L’ancien maître-espion saoudien, le Prince Turki Al Faisal, a appelé hier au renversement du régime iranien alors qu’il adressait un discours au rassemblement de l’opposition dissidente, a rapporté dimanche The National, un journal des EAU.
“La fin de votre lutte est pour très bientôt, je souhaite que ce régime soit renversé, » a affirmé le Prince Turki aux délégués présents au rassemblement annuel qui s’est tenu à Paris.
The National a écrit :
L’évènement organisé par le Conseil National de la Résistance iranienne (CNRI) a rassemblé les dissidents et les activistes iraniens vivant en exil dans le monde entier.
Le Prince Turki, qui a assume les fonctions de chef du renseignement saoudien pendant plus de 20 ans et a été aussi ambassadeur saoudien aux Etats-Unis, est devenu la plus haute personnalité du Golfe Persique à adresser un discours au rassemblement.
Il a déclaré que l’animosité du régime iranien à l’égard de ses voisins du Golfe a commencé un peu après la révolution de 1979, quand l’Iran a commencé à menacer la stabilité des pays Arabes.
“L’Ayatollah Khomeini avait déclaré qu’il exporterait sa révolution et menacerait directement notre existence ; de plus, sa répression des arabes, des arméniens, des azerbaïdjanais, des Baluchis, des sunnites et des chiites continue toujours, » a-t-il déclaré.
Maryam Rajavi, dirigeante du CNRI, a accusé les dirigeants iraniens de supporter les massacres commis par le régime syrien et a appelé à la fin de l’ingérence de l’Iran en Irak et au Yémen.
“Tant que le l’occupation de la Syrie, de l’Irak et du Yémen par le régime continuera, personne ne pourra affronter Daesh efficacement, » a-t-elle dit à des milliers d’activistes.
Elle a affirmé que le changement de régime à Téhéran était la seule solution pour améliorer la stabilité dans la région.

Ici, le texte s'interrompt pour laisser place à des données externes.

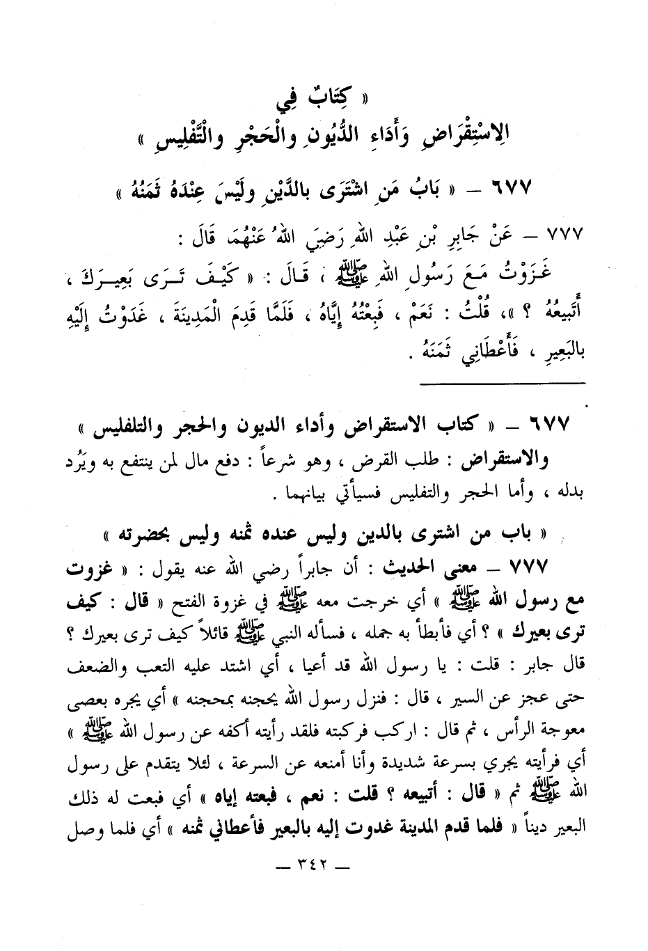 777 - معنى الحديث: أن جابراً رضي الله عنه يقول: " غزوت مع رسول الله - صلى الله عليه وسلم - " أي خرجت معه - صلى الله عليه وسلم - في غزوة الفتح " قال: كيف ترى بعيرك "؟ أي فأبطأ به جمله، فسأله النبي - صلى الله عليه وسلم - قائلاً كيف ترى بعيرك؟ قال جابر: قلت: يا رسول الله قد أعيا، أي اشتد عليه التعب والضعف حتى عجز عن السير، قال: فنزل رسول الله يحجنه بمحجنه " أي يجره بعصى معوجة الرأس، ثم قال: اركب فركبته فلقد رأيته أكفه عن رسول الله - صلى الله عليه وسلم - " أي فرأيته يجري بسرعة شديدة وأنا أمنعه عن السرعة، لئلا يتقدم على رسول الله - صلى الله عليه وسلم - ثم " قال: أتبيعه؟ قلت: نعم، فبعته إياه " أي فبعت له ذلك البعير ديناً " فلما قدم المدينة غدوت إليه بالبعير فأعطاني ثمنه " أي فلما وصل
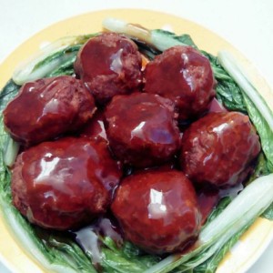 最后把青菜用热水烫一下摆盘,未煮干的肉汁用水淀粉调成高汤靓汁,最后浇在狮子头上,ok,完成

Parmi les participants à cette conférence de deux jours, figurent des fonctionnaires, des politiciens et des activistes des pays hôtes.
The National a ajouté que parmi les personnalités présentes à l’évènement, il y avait l’ancien premier ministre algérien, Sid Ahmed Ghozali, et l’ancien représentant du Congrès américain, Newt Gingrich.
M. Gingrich a appelé à une posture américaine plus agressive à l’égard du régime iranien, en ajoutant que le CNRI devrait être reconnu comme une alternative légitime et démocratique au régime des Ayatollah en Iran.
“Quand je retournerai en Amérique, je leur ferai savoir qu’il y a des centaines et des milliers d’iraniens dans le monde entier qui soutiennent l’opposition démocratique, » a déclaré M. Gingrich.